§ **EXERCISE DESCRIPTION**:
Copy exactly the lines of the material below that fall between the line with "Kattintson a jobb" and the line with "到達・滞在・誘導CVに加え、指名検索/間接CVなどの二次効果も追跡します。", both of those lines included; pictures stay out.

§ **THE RECORDS**:
┌────────
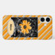 Spring Flash African Daises are beautiful flowers. This phone case template is adorned with a grey framed desaturated close up photograph leaving the colour in the open orange daisy blossom and closed bud to stand out over an orange, ivory and grey diagonal striped background. The framed ivory oval sets off your text. Fill in the template field with your name or initials, remove all text, clear the oval frame or click Customise it! if you'd like to select a different font style, size and colour. In customise under Style Options area check out different phone brands and the iPod available with this design.
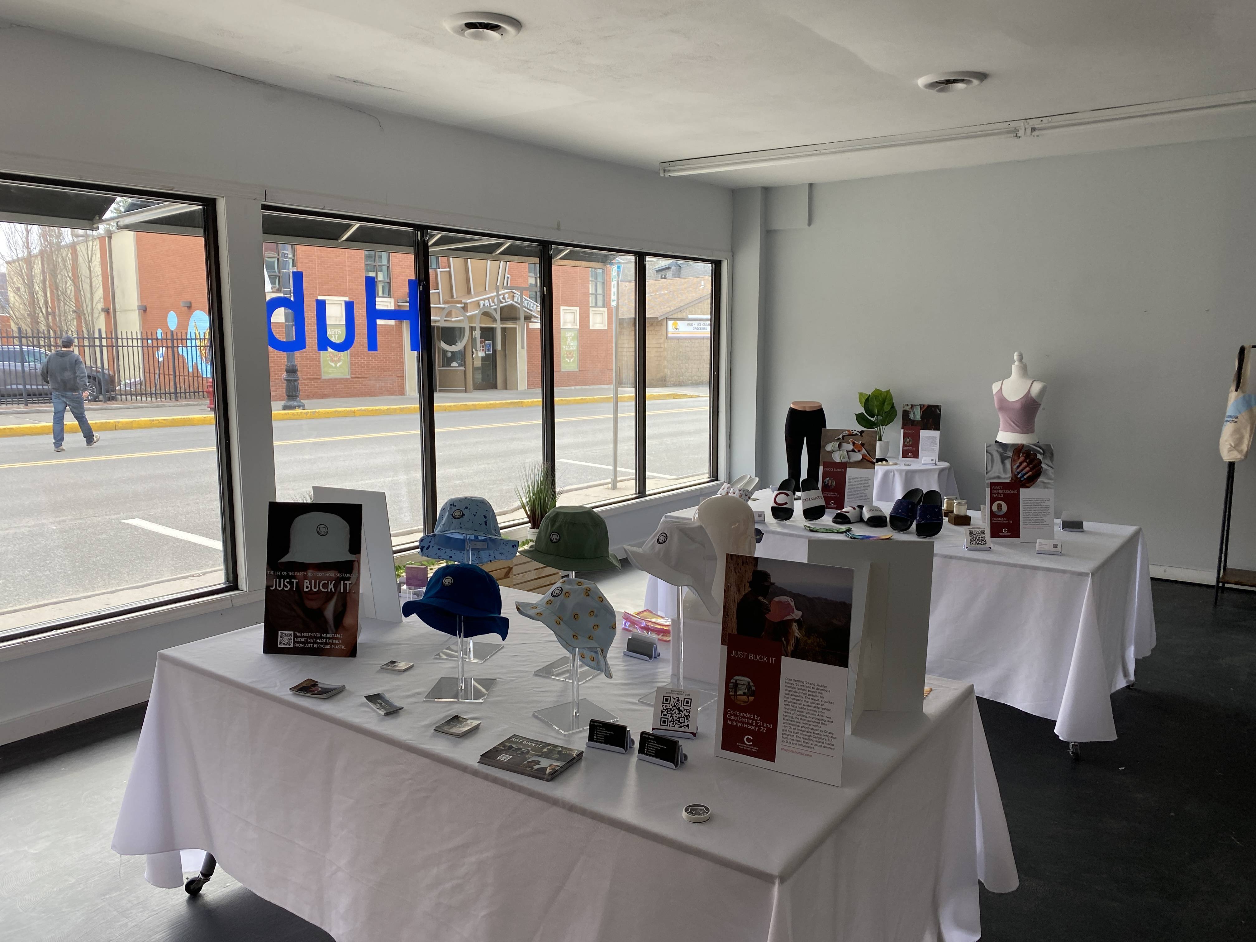 E&I will return to the pop-up shop from April through June 2024. In the meantime, the product displays of alumni businesses will be installed in the window to the right of the Hub.
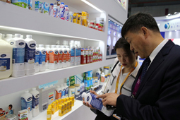 2018年11月7日,人們參觀進博會新西蘭恒天然展臺。中國國際進口博覽會11月5日在上海開幕,多家海外乳制品企業(yè)參展。
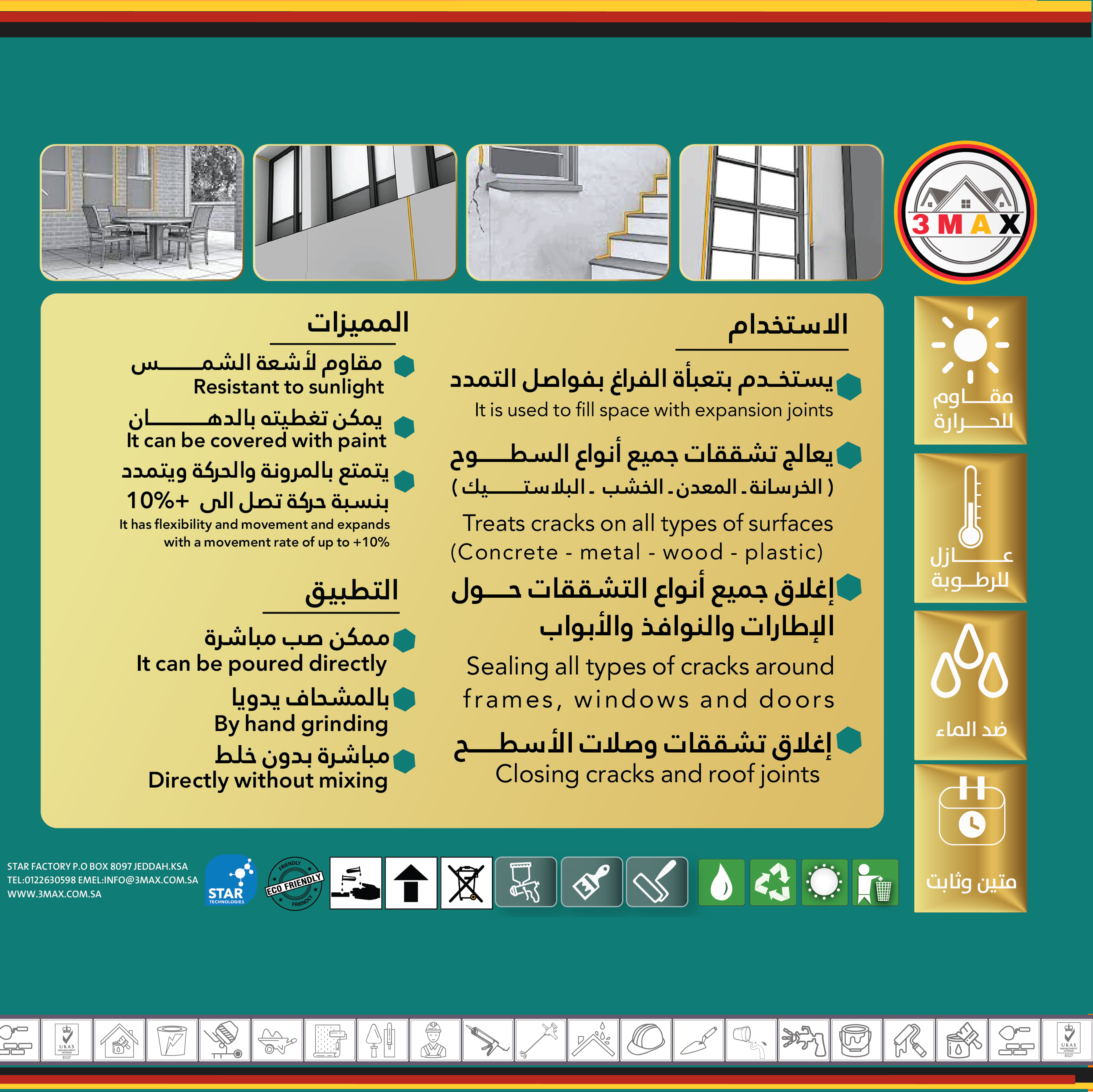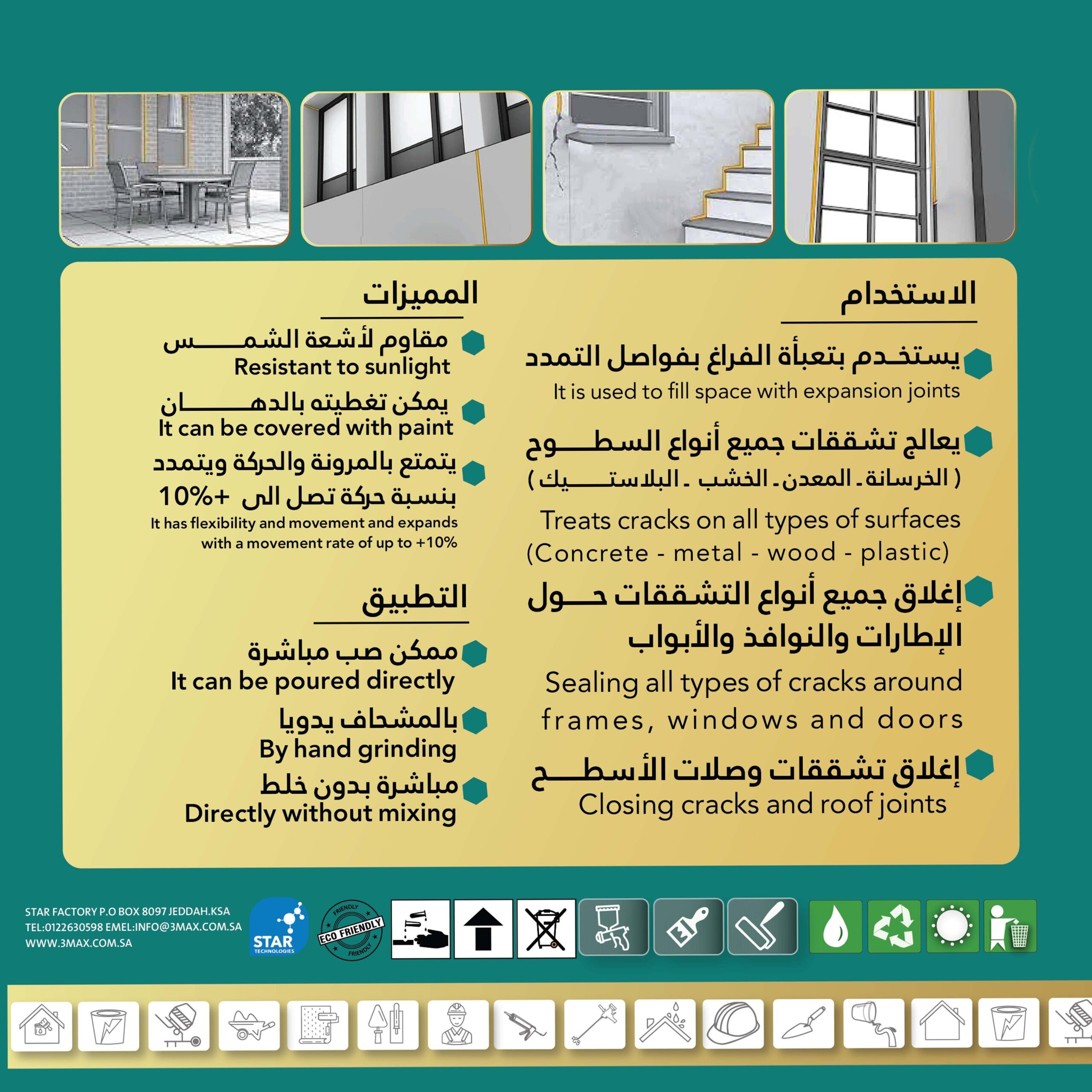 - سهل التركيب، يُستخدم مباشرة من العبوة بدون مزج أو إضافات
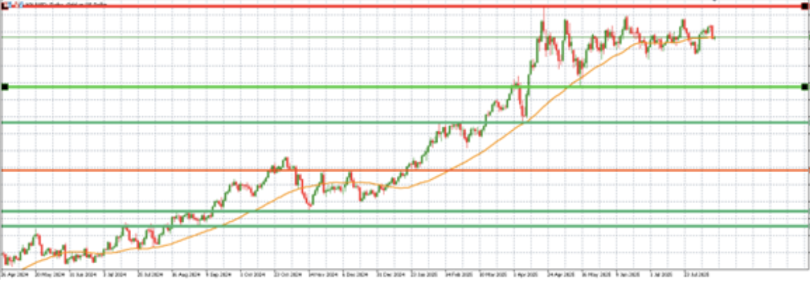 Gold prices surged following the release of the latest U.S. Consumer Price Index (CPI) data, which showed no change month-over-month (m/m), remaining at 0.2%. Despite expectations that trade tariffs would exert upward pressure on inflation, the data suggests that these tariffs are not having the dramatic impact many had anticipated. This market development, along with rising expectations of a Federal Reserve rate cut, has contributed to gold’s rise to $3,354 per ounce, with the next resistance level seen at $3,500.
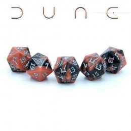 Un bellissimo set di dadi personalizzati ispirati al pianeta Arrakis, individua il segno dei vermi su questi dadi dai colori che ricordano il melange e porta il potere dei Creatori nel tuo Dune: Avventure nell’Imperium.
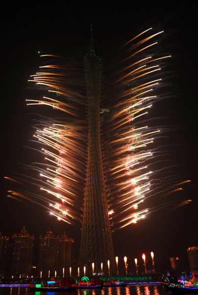 11月27日,焰火在广州塔上绽放。当日,第16届亚运会闭幕式在广州举行。 新华社记者 杨俊江 摄
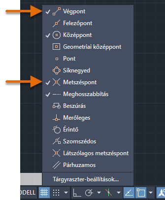 Kattintson a jobb gombbal a Tárgyraszter gombra, és jelölje be a Végpont és a Metszéspont is lehetőséget, ha még nincsenek bejelölve.
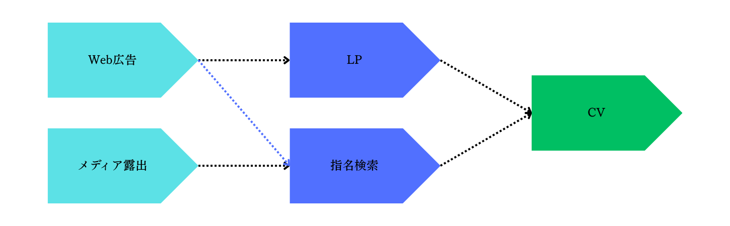 到達・滞在・誘導CVに加え、指名検索/間接CVなどの二次効果も追跡します。
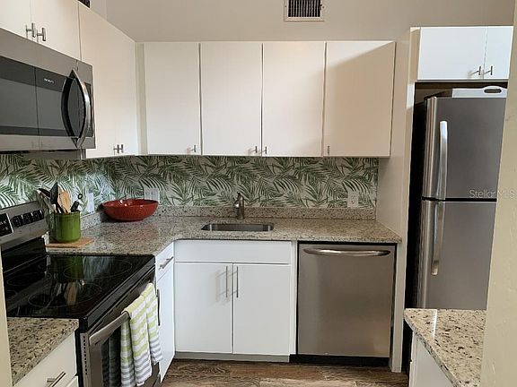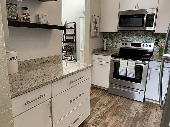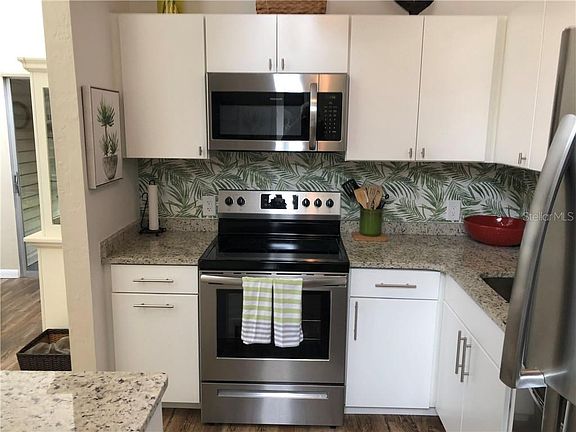 One of the most beautiful and private condos in Bird Bay Village. Located on a cul-d-sac quiet road. This is one of the larger floor plans with aprox. 1200 sq.ft. Original developer calling it a Deluxe. Full two bedrooms and baths. Cathedral ceiling gives great natural light. The large living room/dining area are wide open giving space to spread out. the interior is completely brought up to a modern standard. Living and dining room floors are done in porcelain tile. Updated kitchen with stone counter tops, new cabinets, high ceiling, stainless steel appliances, and porcelain tile. Bathrooms are as modern with ceramic tile floors, stone counter tops, newer fixtures, and base cabinets. Large lanai is protected with framed wind panels (not glass). Bird Bay Village has excellent amenities , five tennis courts, junior Olympic size pools,beautiful clubhouse, pickle ball courts, shuffleboard, great fully equipped gym with TV's, library on site, board-walk along Roberts Bay/Curry Creek and the neighborhood location is excellent near downtown, beaches, airports, shopping and access to I-75
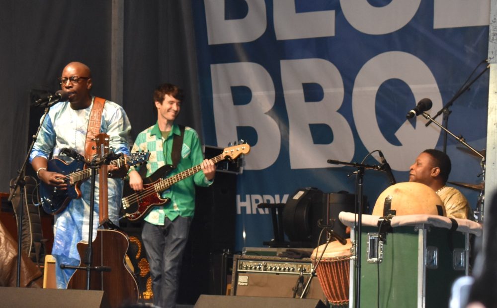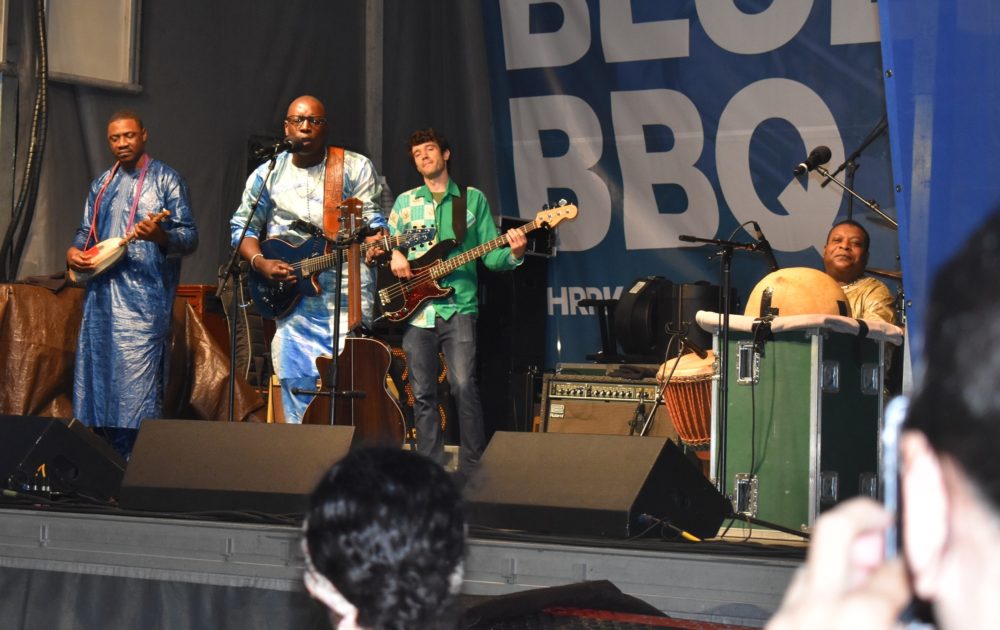 Maybe it was the spirit of the Sahara, from whence these Malian musicians hailed, or maybe it was just a small shower to begin with, but the rain stopped before their first song did. And the people who remained seemed to be the true believers, ready when Vieux invited—or perhaps strongly advised—people to get up and dance. They set aside their umbrellas, took off their ponchos and moved.
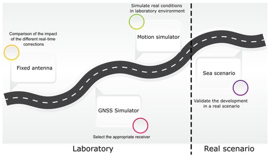 The validation of the smart motion sensor proposed was accomplished following a step-wise approach, starting from simple algorithm testing and verification of basic functionalities, and incrementally adding complexity to better represent real operation conditions. For this reason, three sets of tests were carried out: first, in a rotary table at the laboratory to check the sensor performance in the early stages of its development. After that, the registered motion of a floating platform in a water tank was used as input into the GNSS simulator, emulating similar conditions in platform locations. Finally, the low-cost smart sensor was validated in a real sea scenario. It should be noted that the development has been under certain requirements and restrictions such as low-cost perspective, modularity, and safety, as will be detailed in the following sections.
└────────
§ **WRITTEN RESPONSE**:
 Kattintson a jobb gombbal a Tárgyraszter gombra, és jelölje be a Végpont és a Metszéspont is lehetőséget, ha még nincsenek bejelölve.
 到達・滞在・誘導CVに加え、指名検索/間接CVなどの二次効果も追跡します。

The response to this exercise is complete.